De telers van zomerbloemen bundelen hun krachten. “We bezoeken gezamenlijk beurzen en bloemententoonstellingen over de hele wereld. We hebben bijvoorbeeld veertig inzendingen op de Keukenhof en komen iedere week op televisie in beeld bij Robs Grote Tuinverbouwing.”

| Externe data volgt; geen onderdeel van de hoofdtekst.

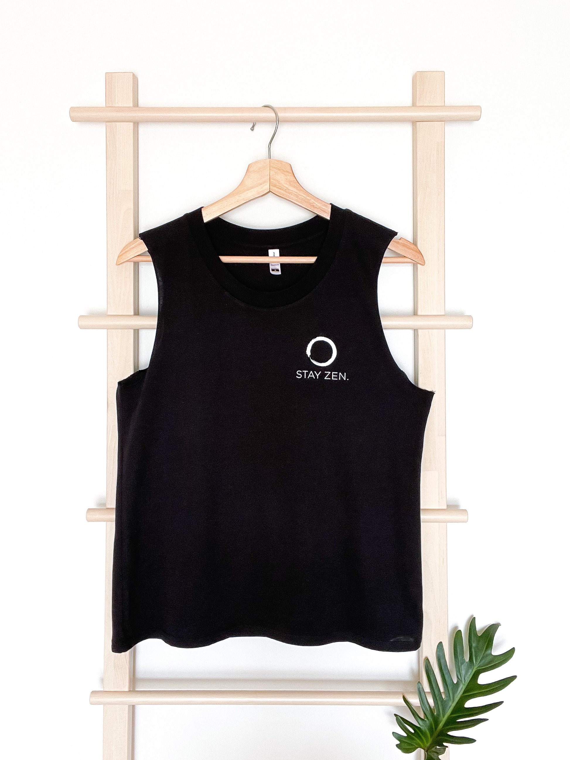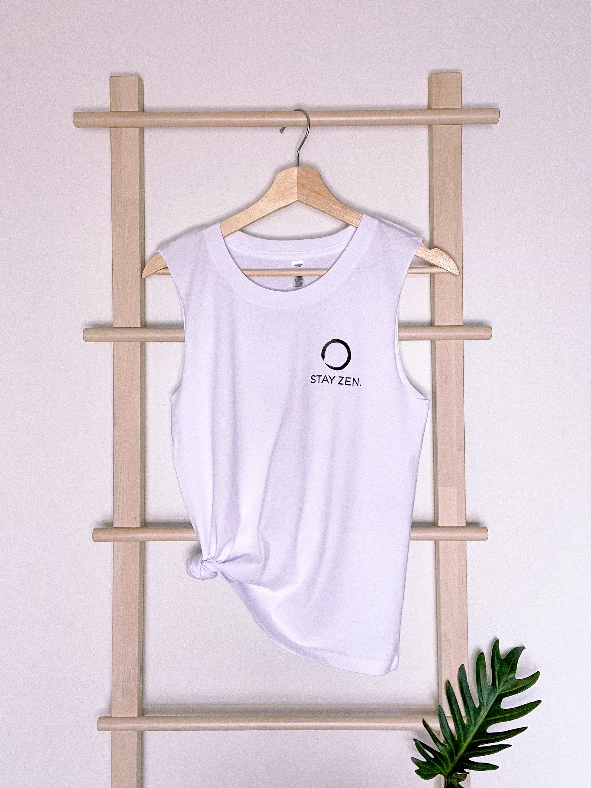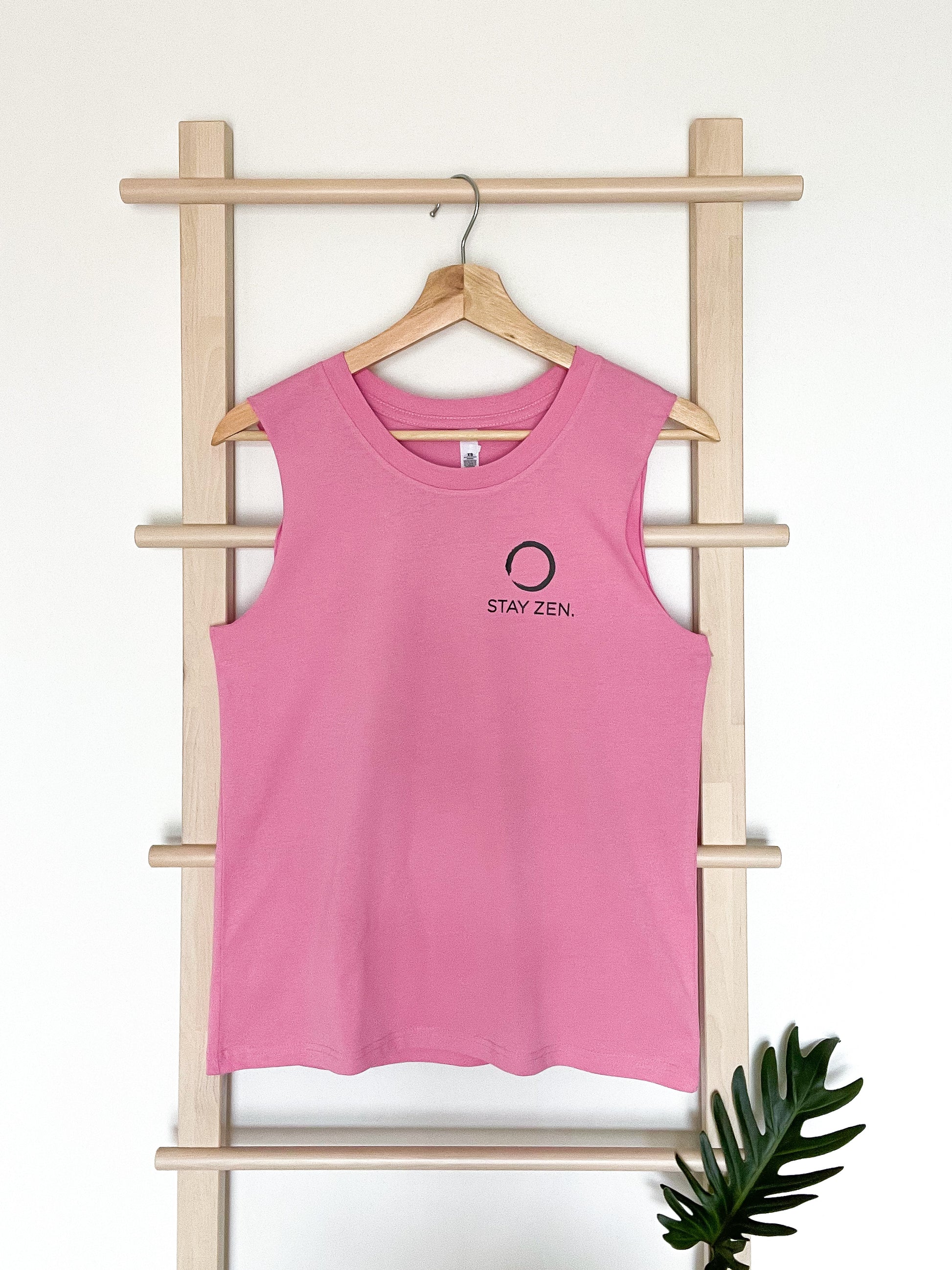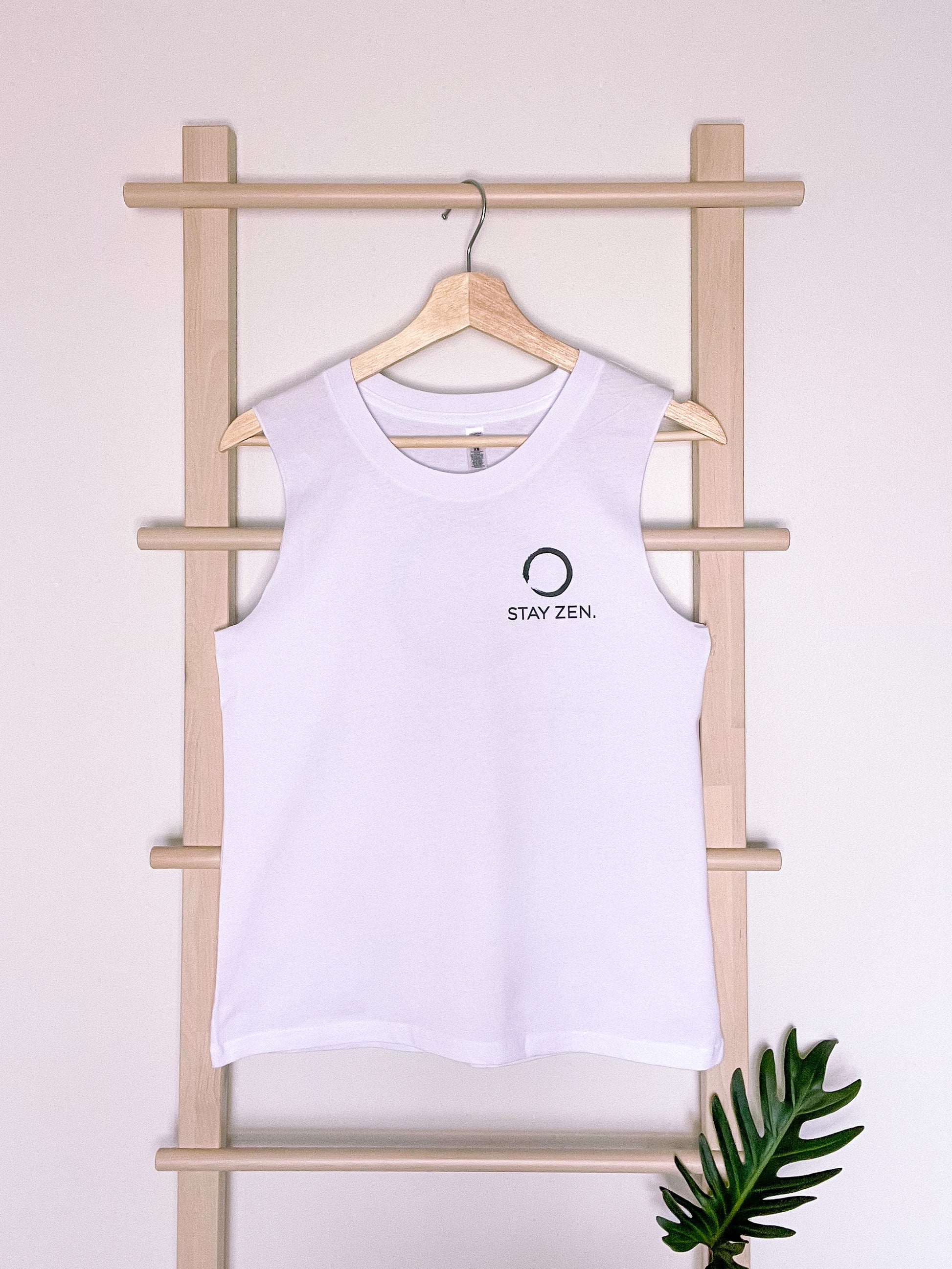 Sleeveless tank, raw armhole edges, neck ribbing, double needle hems, side seamed, preshrunk to minimise shrinkage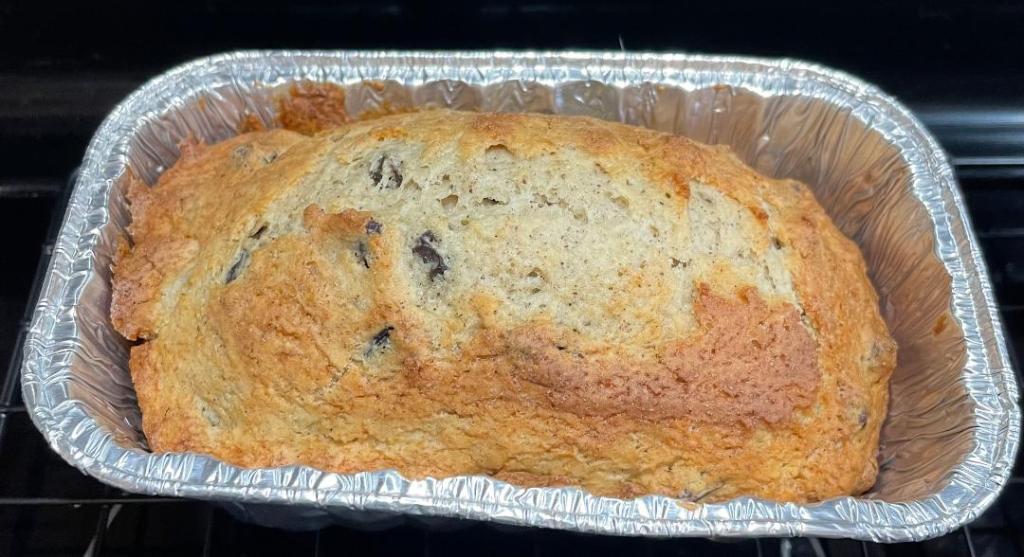 - Pour batter into greased loaf pan and bake in oven for about 45 min – 1 hour.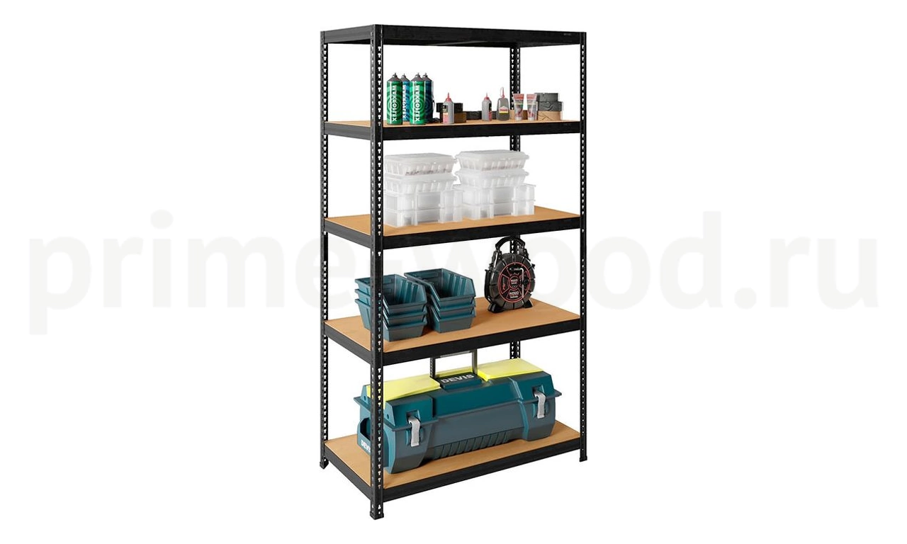 Стеллаж универсального использования в офисе, дома, гараже или на складе. Пять регулируемых по высоте ярусов.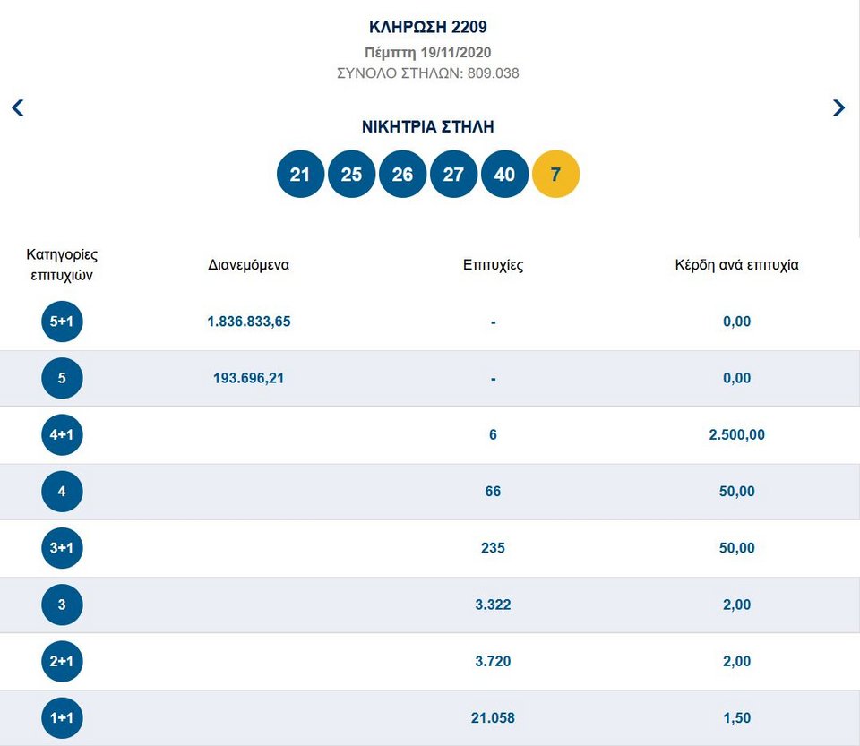 Οι τυχεροί αριθμοί είναι: 21, 25, 26, 27, 40 και αριθμός Τζόκερ το 7. Στην τρίτη κατηγορία έξι τυχεροί κέρδισαν 2.500 ευρώ. Στην κλήρωση της Κυριακής το Τζόκερ θα μοιράσει πάνω από 2.000.000 ευρώ.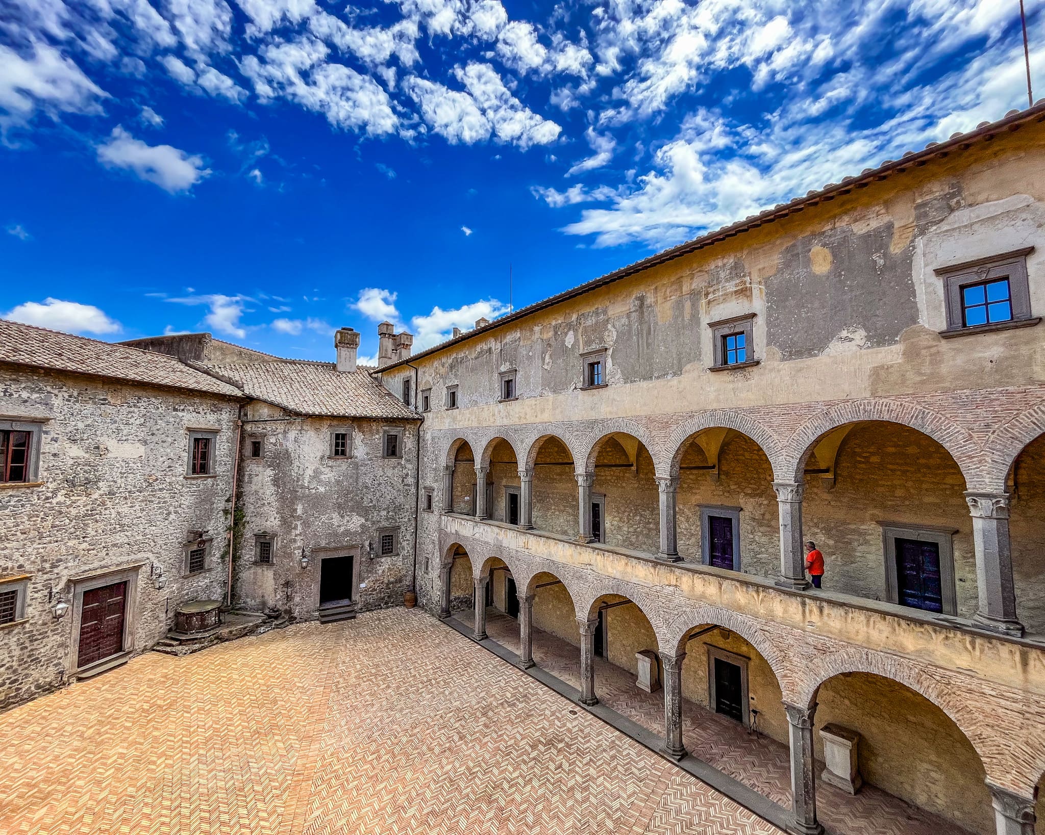 La corte si presenta come una piazza di cittadella, e domina lo spazio con le sue imponenti arcate, poste su due piani. La scalinata porta ai Piani Nobili del Palazzo, dove gli Orsini intrattenevano i visitatori. Qui si è svolto uno dei fatti più significativi dell’intera dinastia. Nella primavera del 1553 infatti, il Cardinale tutore di Paolo Giordano e l’ambasciatore di Cosimo de Medici, concludono la trattativa per un matrimonio, quello tra Paolo Giordano e Isabella de Medici, allora undicenni. Pochi anni più tardi i due ragazzi si unirono ufficialmente in un matrimonio puramente politico, ma sicuramente sfarzoso.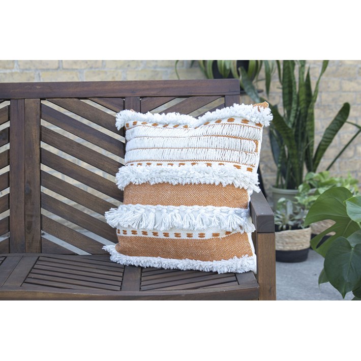 Add a touch of bohemian flair to your home decor with this beautifully colored pillow from Foreside Home & Garden. The woven white stripes and tufted yarns create a unique texture, while the rust orange color adds a vibrant pop to any space. Made of recycled PET plastic, this pillow is not only stylish but also eco-friendly. Hand woven by artisans in India, this pillow is of the highest quality and is suitable for both indoor and outdoor use. Rest comfortably and stylishly with this transitional piece that will elevate any room in your home.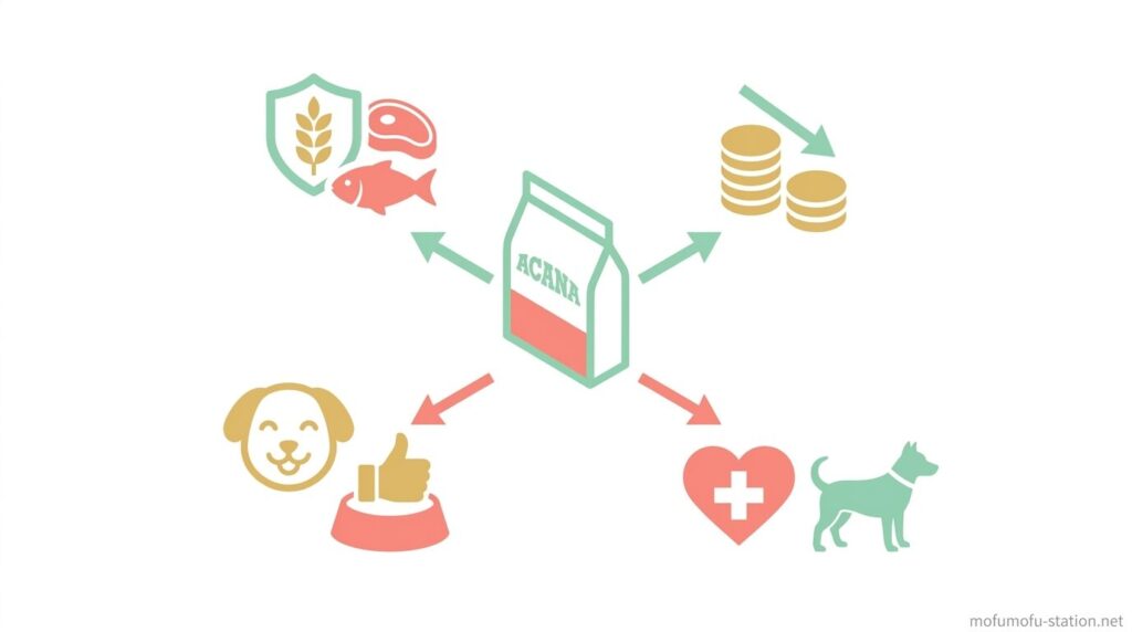 アカナの口コミが分かれるのは、単なる好みの問題ではなく、原材料や成分設計、価格設定といった特徴がはっきりしているためです。

Bos roept seizoenstelers op zich aan te sluiten. “Door mee te doen, verzekert een teler zich van aandacht voor zijn product en bedrijf. Het logo van Summerflowers wordt op de klok getoond en op stickers met een QR-code. Sinds we meedoen zijn we gemakkelijker vindbaar via onze website dan voorheen. En we hebben de illusie dat meedoen aan dit initiatief ook iets zegt over je bedrijfsvoering; een teken naar de kopers dat je goed met je bedrijf bezig bent.”
Stagiaires
Normaal gesproken werken de twee compagnons samen en hebben ze drie man vast personeel in dienst. Daarnaast zijn er nog scholieren en tijdens het tulpenseizoen werken er mensen van het uitzendbureau. Maar er is altijd ruimte voor stagiaires uit binnen- en buitenland. “Nederlandse leerlingen willen graag naar het buitenland om te zien hoe het op andere plaatsen gaat en levenservaring opdoen. Mijn zoon, die nu op een HBO melkveehouderij studeert, ging op het MBO naar Denemarken en is straks blij als hij over twee jaar een plek vindt voor zijn buitenlandse stage. Dus dan moet je er zelf als bedrijf ook voor open staan”, besluit Van Dijk.
Samenvatting
Het bedrijf van Jan van Dijk en Bram Bos in Nieuwe Wetering is 14.000 m2 groot en heeft drie teelten per jaar: violieren, tracheliums en tulpen. Ze gaan voor kwaliteit en richten zich op het hogere segment. Het bedrijf is aangesloten bij Summerflowers om het product gezamenlijk te kunnen promoten. Volgens de telers is het een slechte zaak dat bedrijven in de sierteeltsector zo weinig geld besteden aan gerichte promotie.
Tekst en beeld: Marleen Arkesteijn.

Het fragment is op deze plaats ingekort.